Looks as if Regal has gone the way of the world. They may be styled after traditional dress shoes, but many of these are glorified tenny runners. A few shining exceptions, however.

Hey, wait a minute! How did those get in here???


----------



## Bic Pentameter (Jan 12, 2004)

Regal is working hard to go upscale to capture some of the interest in Japan for higher end shoes. Two or three years ago, they openned their flagship store in Ginza with a full range of men's shoes. They offere a pattern order and a bespoke service. I was window shopping on a national holiday, and the saleswoman offered to show me their bespoke workshop. The cordwainers have a workspace in the basement of the building, and four or five were hard at work were hard at work.
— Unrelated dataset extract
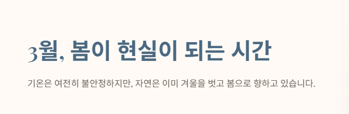3월은 ‘봄’이라는 단어가 현실이 되는 시기다. 기온은 아직 들쭉날쭉하지만, 자연은 이미 겨울을 벗어나 다음 계절로 넘어가고 있다.

The bespoke shoes I saw did not quite have the refinement of John Lobb or Edward Green, but if Regal keeps at it, they could turn into a viable bespoke shoe house in the next 5-10 years.

Bic


----------



## Hard2Fit (May 11, 2005)

Wow, very nice. Love the boots.


----------



## Doctor Damage (Feb 18, 2005)

Thanks for this, I really like the bit loafers (with leather sole) and the burgundy beefroll pennies (perfect!). Are these available anywhere in North America?

DocD


----------



## LeatherSOUL (May 8, 2005)

It's been very interesting to see Regal progress these past few years. They've become a very reputable shoe in the 30,000yen (~$260 US) range which is equivalent to a $150 shoe in America based on the pricing structure of men's leather shoes in Japan. 

On a side note, Regal produces Johnston & Murphy shoes in Japan.


----------



## neyus (Jan 12, 2005)

When I went to Japan late last year I checked out regal in a few department stores, could not find any of those wacked out styles in store. Most of the shoes I saw were long wingtip bluchers and a few plain toe derbys. All pretty tasteful and conservative. But yeah as other posters have indicated maybe these designs are to cater for the trendy crowd.


----------



## Bic Pentameter (Jan 12, 2004)

LeatherSOUL said:


> It's been very interesting to see Regal progress these past few years. They've become a very reputable shoe in the 30,000yen (~$260 US) range which is equivalent to a $150 shoe in America based on the pricing structure of men's leather shoes in Japan.
> 
> On a side note, Regal produces Johnston & Murphy shoes in Japan.


Regal does have some great licenses. When I used to visit the Regal "Shoe Bar" (outlet store) in Yaesu I saw Johnson & Murphy cordovan blutchers and New & Lingwood branded shoes made in Japan that looked nearly identical to what I saw in London. Unfortunately, even the Shoe Bar wanted about Y88,000 for them.

Bic


----------



## LeatherSOUL (May 8, 2005)

Bic Pentameter said:


> Regal does have some great licenses. When I used to visit the Regal "Shoe Bar" (outlet store) in Yaesu I saw Johnson & Murphy cordovan blutchers and New & Lingwood branded shoes made in Japan that looked nearly identical to what I saw in London. Unfortunately, even the Shoe Bar wanted about Y88,000 for them.
> 
> Bic


Yes and at times you'll find Aldens as well.


----------



## crazyquik (Jun 8, 2005)

Those balmoral full brogue boots are nearly $600


----------



## neyus (Jan 12, 2005)

Does anyone know if Regal also make the Jpress shoes in Japan?


----------



## Bic Pentameter (Jan 12, 2004)

I *think* that the sales manager at Otsuka once told me that Otsuka made shoes for JPress in Japan. That may not be true today, though.

Bic


----------



## neyus (Jan 12, 2005)

They were heavily discounted at the local sati department store. Being among the last pairs. I should have bought it, but I kept procrastinating.

Rene


----------



## trolperft (Feb 7, 2007)

I sometimes find Jpress shoes made by Regal at Yahoo auction Japan.
Regal also makes shoes for Polo Ralph Lauren in Japan.


----------



## katon (Dec 25, 2006)

(Circa 1946)

Are these guys connected to the old U.S. Regal Shoe somehow?


----------



## Guest (Dec 19, 2020)

I stopped in the Ginza store a couple years ago. I was not familiar with their shoes but they looked good in the store window. I left with three pairs of the best shoes for the money that I have ever purchased! Attractive, well-made, and super-comfortable.


----------